Я стоял по колено в холодной прибрежной жиже, мокрый до нитки, дрожащий, и считал своих по головам ещё и ещё, не веря пока счёту. Раз, два, три, четыре, пять — и я сам шестой. Шестеро вышли — шестеро воротились. Раненый — да; но не убитый. На этот раз — обошлось. На этот раз я их сберёг — всех до единого довёл назад из чужой ночи, с холма, из-под пулемёта. И от этого простого счёта, от того, что все шесть голов на месте и все шесть дышат, плечи у меня вдруг опустились сами собой, будто их все эти дни держали на весу, а теперь отпустили, — со дня той пустой подводы из лазарета и не опускались. Я перевёл дух. Об одном просил, к одному вёл всю свою злую науку: чтоб назад привести всех. Нынче — привёл.
Сорока, отжимая полы шинели, отдуваясь, покосился на пленного офицера, что сидел на кочке смирно, нахохлившись мокрой птицей, и буркнул в усы:
— Вашбродие, а офицерик-то ихний, я гляжу, и не дюже горюет. Сухого исподнего жаль, поди, а так — отвоевался, и ладно.
— Замёрз он, Лукич, — отозвался я. — Накинь ему что ни то на плечи. Толку с дрожащего языка немного.
И старый чёрт, не чинясь, стянул запасную скатку, что таскал поверх ранца, и набросил пленному на мокрые плечи. Тот вздрогнул, потом вцепился в сукно обеими руками, закивал, забормотал своё, благодарное, — и они отлично столковались без единого общего слова.
Сдал я языка Окуневу едва не на рассвете.
Офицер тот оказался не из малых сошек — обер-лейтенант, артиллерийский наблюдатель, и сидел он на том холме не зря: корректировал огонь на наш участок, видел всё насквозь. А в голове у него было — целое богатство. Где у них батареи, сколько стволов, какой запас снарядов, где штаб, что готовят на ближние дни. Телефонный аппарат с обрывком провода Окунев повертел в руках, крякнул довольно и велел отнести связистам — пригодится. А обер-лейтенанта засадил с толмачом допрашивать обстоятельно, и чем дальше шёл допрос, тем выше лезли у подполковника брови.
Пленный, отогревшись в тепле да поняв, что бить его не станут, отвечал охотно, без запирательства, — для него война кончилась, и таиться ему было незачем, разве что по привычке. Толмач, полковой писарь из обрусевших немцев, едва поспевал переводить. Окунев слушал, кивал, иной раз переспрашивал, мерил по карте циркулем, делал пометки — и лицо его, обыкновенно усталое, обрюзглое, делалось всё живее, всё цепче, как у охотника, что напал на свежий, жирный след.
— Прапорщик, — сказал он мне, когда вышли мы на минуту из хаты на серый рассветный двор, и потёр заскорузлой ладонью шею. — Ты понимаешь ли, что приволок? Это ж не язык. Это клад. Тут штабу работы на неделю — всю ихнюю позицию через него прочесть можно. — Он поглядел на меня в упор, без обычной своей хрипотцы, серьёзно. — Шестью людьми. Ночью. Без потерь, считай. На хутор ходили — а его в дивизии полком брать собирались, и то с кровью.

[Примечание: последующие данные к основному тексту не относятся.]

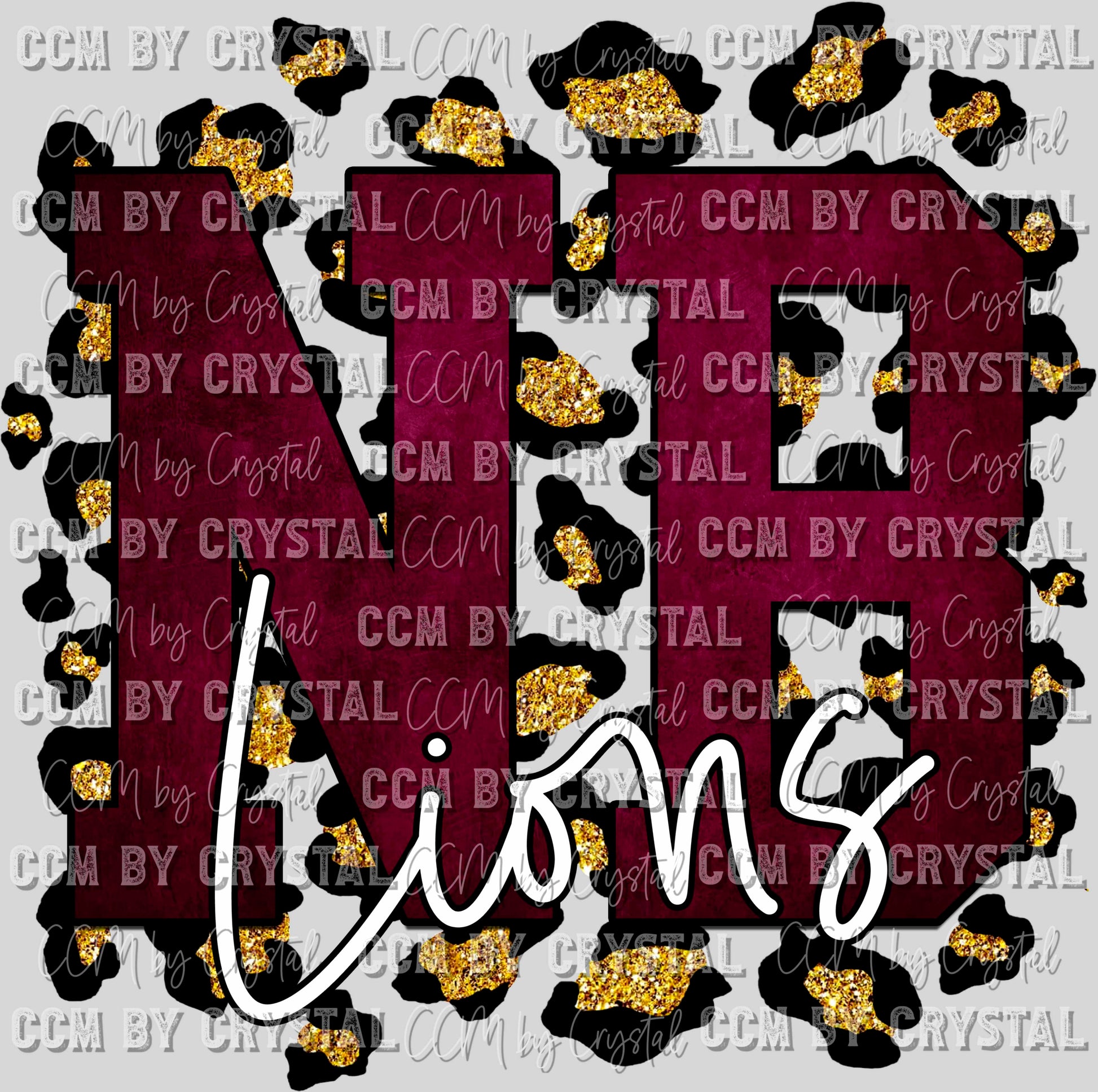 NB Lions Maroon with Gold Leopard background PNG Digital File ONLY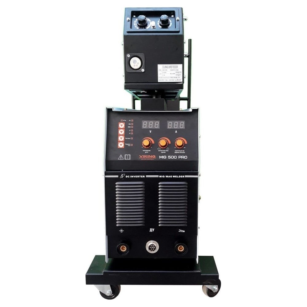 Многофункциональный сварочный полуавтомат VIKING MIG 500 DP PRO, основу которого составляют мощные IGBT транзисторы, работающий в режимах CO2/MAG/MIG предназначен для профессионального использования. Совместно с цифровыми системами механизмов подачи проволоки, они могут: Обеспечить несколько интеллектуальных методов контроля процесса сварки, включая сварку постоянным током, одноимпульсный и вариант двухимпульсный на основе управления сварочным током и напряжением в режиме реального времени. Сваривать различные материалы, такие как, углеродистая сталь, нержавеющая сталь и сплавы алюминия. Использовать специальные сварочные средства контроля. Работать с автоматизированным оборудованием, включая роботы. Оснащаться транспортной тележкой для достижения более высокой мобильности. Оснащаться системой жидкостного охлаждения сварочной горелки.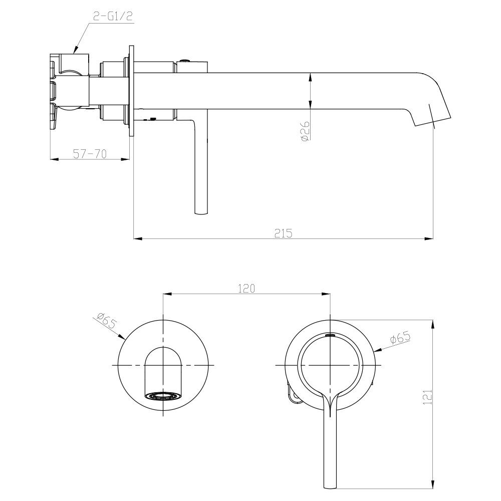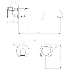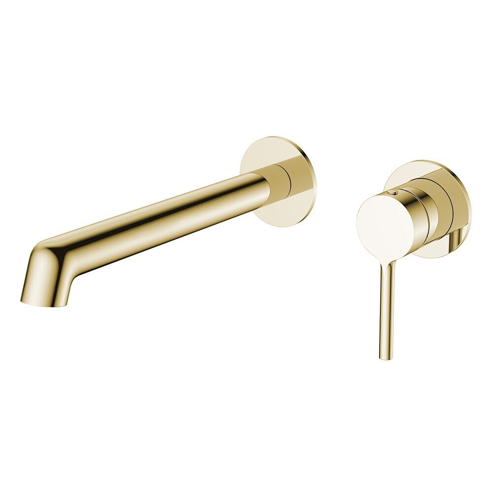 Длина излива: 21.5см. Назначение: на стену. Материал: латунь. Способ монтажа: на два отверстия. Цвет: сатин золотой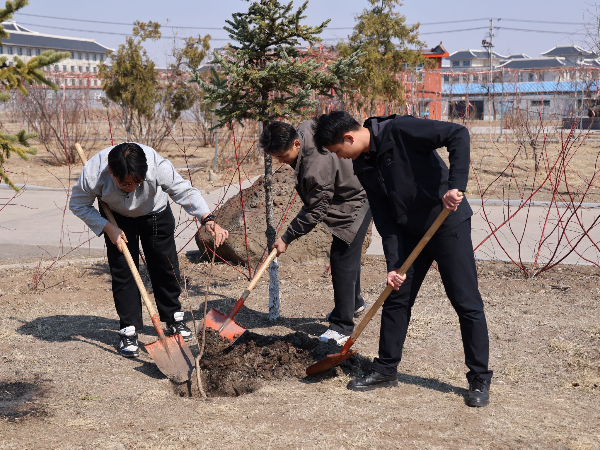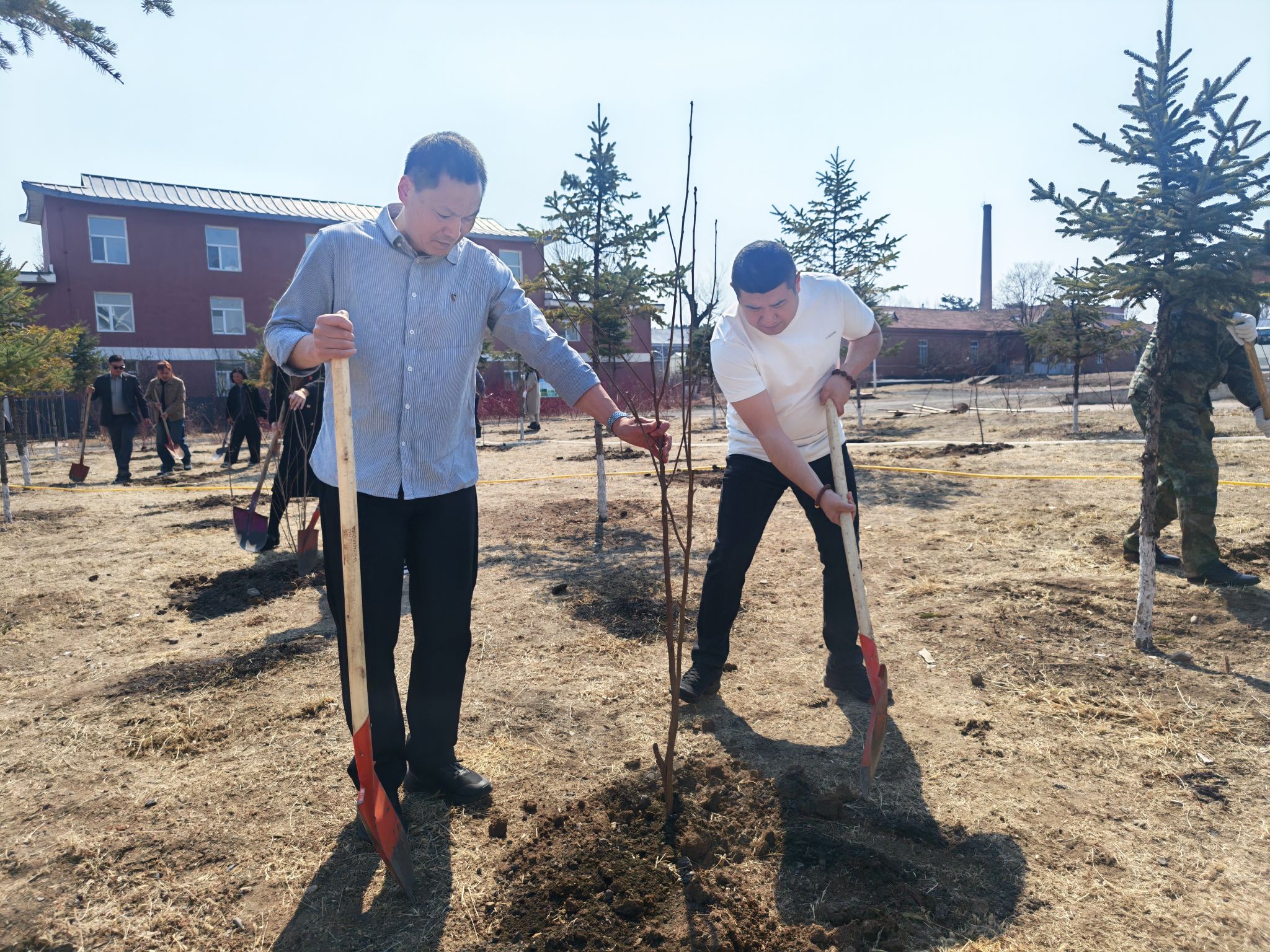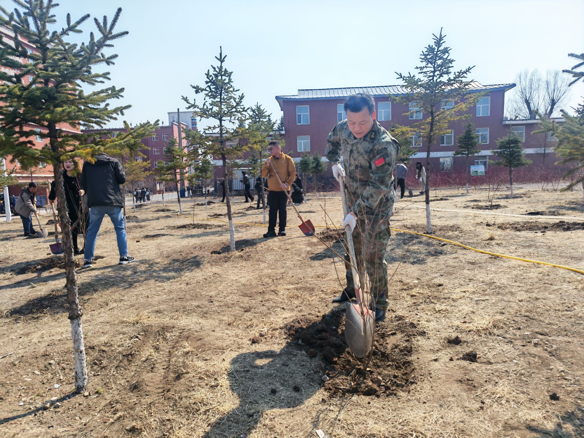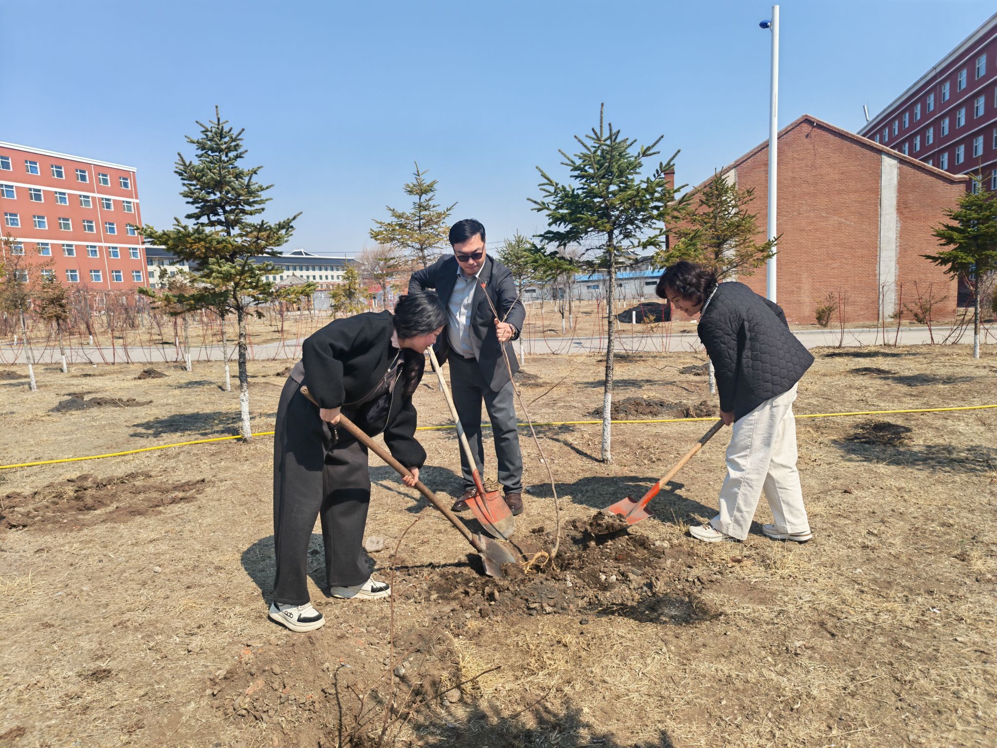 为深入践行绿色发展理念,积极响应国家生态文明建设的号召,进一步美化校园整体环境与景观布局,增强全体教职员工的生态环保意识与责任感,用实际行动为校园增添绿色生机与活力,我校经过周密策划与精心组织,动员全体教职员工开展了主题鲜明、内容充实的校园植树活动。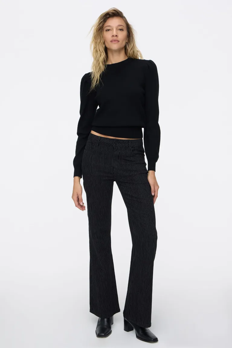 Pantalón de estilo oxford con diseño a rayas verticales. Cuenta con tiro medio y cinco bolsillos funcionales, ideal para un look versátil y clásico. Su calce favorecedor se ajusta a la figura, brindando comodidad para diversas ocasiones. Un complemento esencial para renovar el guardarropa cotidiano con elegancia y estilo.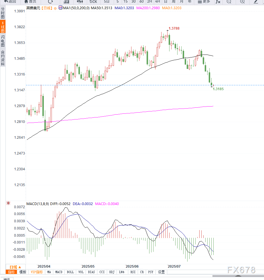 “英国经济目前面临双重压力:服务业增长乏力与工资增长趋缓,使得英国央行被迫转向更宽松的货币政策立场,”一位利率策略师在分析报告中写道。 与此同时,美元方面则受到新的政策提振。美国总统特朗普签署行政令,将全球最低关税水平设定为10%,同时将对加拿大的进口商品关税由25%上调至35%,并延长对墨西哥的关税安排90天以争取更多谈判时间。 这一举动使得市场对美元避险需求增强,从而推动美元指数走强。 目前市场焦点转向美国即将公布的7月非农就业数据(NFP)。预期数据显示,美国新增就业岗位可能下降至11万人,失业率或升至4.2%。若数据不及预期,美元可能短线回调,给英镑带来一定修复机会。 日线图上,GBP/USD已跌破短期支撑位1.3220,当前测试1.3180-1.3190区域。若失守该位,下方关注关键支撑位1.3140与50日均线附近1.3085。上方阻力位仍在1.3250与1.3300区域,短线反弹空间受限,需美数据配合。 技术指标方面,RSI位于45一线,未明显超卖,但动能指标趋于下行,暗示仍有回调空间;MACD死叉未解,短线偏空结构维持。

Я молчал. Я и сам ещё толком не остыл, не отошёл от той скользкой минуты у хаты, и радости в себе не находил, гнал её прочь — рано радоваться. Помнил тот сорванный крик у погреба, ту секунду, когда всё чуть не полетело к чёрту. Дело сделали чисто — да сделали на волоске. Кабы пулемёт у них успел заговорить хоть на счёт «раз» — лежать бы нам всем на том холме.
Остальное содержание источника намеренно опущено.